Linguine with Ricotta Meatballs

  • LauraB08 Posted: 05/19/14
    Worthy of a Special Occasion

    I also accidentally doubled the amount of meat, but that's not why I'm giving this recipe a low rating. PLEASE, if you make this, add some spices to the meatballs! Salt, pepper, basil, oregano, anything. It's distastefully bland without the spices. I know other reviewers gave this a higher rating, but they did not make the recipe as written.

  • Firemoneyguy Posted: 04/28/14
    Worthy of a Special Occasion

    I doubled the recipe as I had a pound of ground beef. I think I forgot to double the bread crumbs as my meatballs fell apart while cooking them. Also I couldn't find fresh linguine so I bought and used a box of barilla. Despite my faux pas with the meatballs, it came out great. Family loved it.

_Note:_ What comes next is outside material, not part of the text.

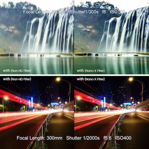 コーティング:世界最高レベルのMRCコーティング(マルチ・レジスタント・コーティング)技術使用、両面にそれぞれ7層のマルチコーティングとMRCコーティングが施されたNANO-Xシリーズフィルターは99.23%の透過率を実現。

  • rmiller2 Posted: 06/15/14
    Worthy of a Special Occasion

    I thought these meatballs were good overall. Unlike other reviewers, I thought they were flavorful for a rather simple recipe with few ingredients. Of course, if you enjoy other spices and ingredients in your meatballs, you could definitely add them. They were definitely salty enough due to the saltiness of the pecorino Romano cheese. I also used whole milk ricotta from the farm stand since that's what I had on hand. I also doubled the recipe and used ground turkey instead of sirloin. Although I was able to shape the meatballs, mine also fell apart while I was trying to brown them in the skillet. I thought this could have been because my skillet is old and things are sticking to it more so, but glad to hear other reviewers had trouble with this. Due to this issue, I decided to only brown half of the meatballs and bake the other half in the oven for about 20 min at 400 degrees and then add them to the pasta and sauce afterwards. Next time I would definitely bake all the meatballs.

  • TheAspiringChef Posted: 06/30/14
    Worthy of a Special Occasion

    Very simple and easy to prepare. I had leftover veal/pork/beef mix so used that as my meat. The ricotta made the meatballs very tender. Next time, I would add more marinara as I like my pasta saucy.

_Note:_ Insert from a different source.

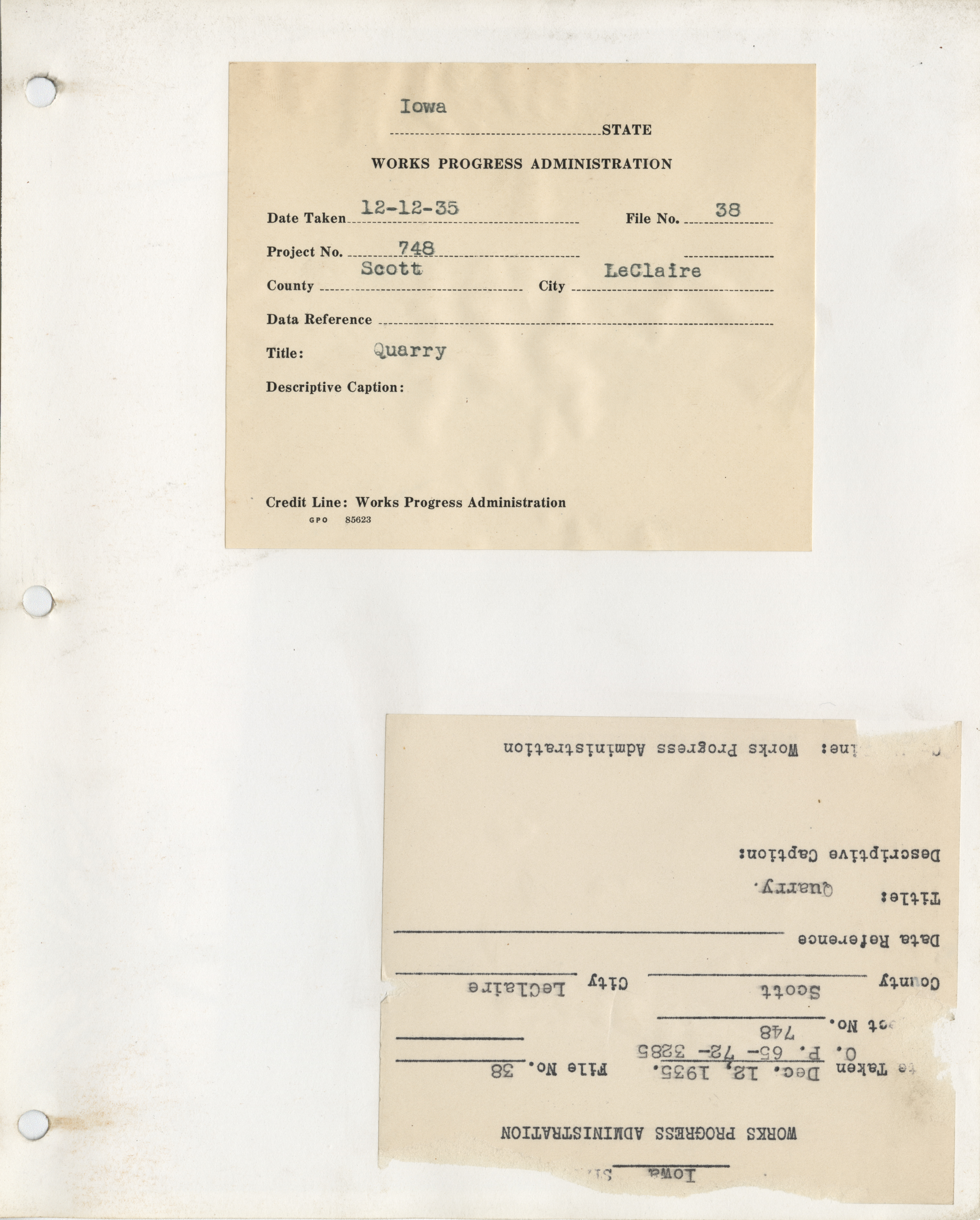- "Photograph of people working at a quarry in LeClaire", Work Projects Administration (Iowa) Photographs, Iowa State University Library Digital Collections

  • tpetricini Posted: 05/28/14
    Worthy of a Special Occasion

    While this was very tasty, the meatballs just didn't hold up, despite following the recipe exactly. I eventually just browned it all and created a meat sauce. It was really good, but I won't bother with it again.

  • Beccaroo73 Posted: 04/17/14
    Worthy of a Special Occasion

    Quick and easy! My first time to make meatballs--not difficult at all. Will definitely make again for a quick weeknight meal

  • Debbie17 Posted: 04/27/14
    Worthy of a Special Occasion

    I made these tonight and had to modify a bit. I did not look at the beef instructions, that the meat should be 90% lean. I bought 96% lean. I forgot the ricotta and had to run to Trader Joes at the last minute and all they had was whole milk ricotta. So, my sons loved this; even the one who does not like spaghetti and meatballs. I do think that the balls could use some salt and spices (a little basil and oregano) and you could or could not up the garlic depending on taste.

  • StephB Posted: 04/11/14
    Worthy of a Special Occasion

    Good. Took me much longer than 25 minutes. I added seasoning (salt, pepper, oregano) to the meatbal.s .nd was glad i did.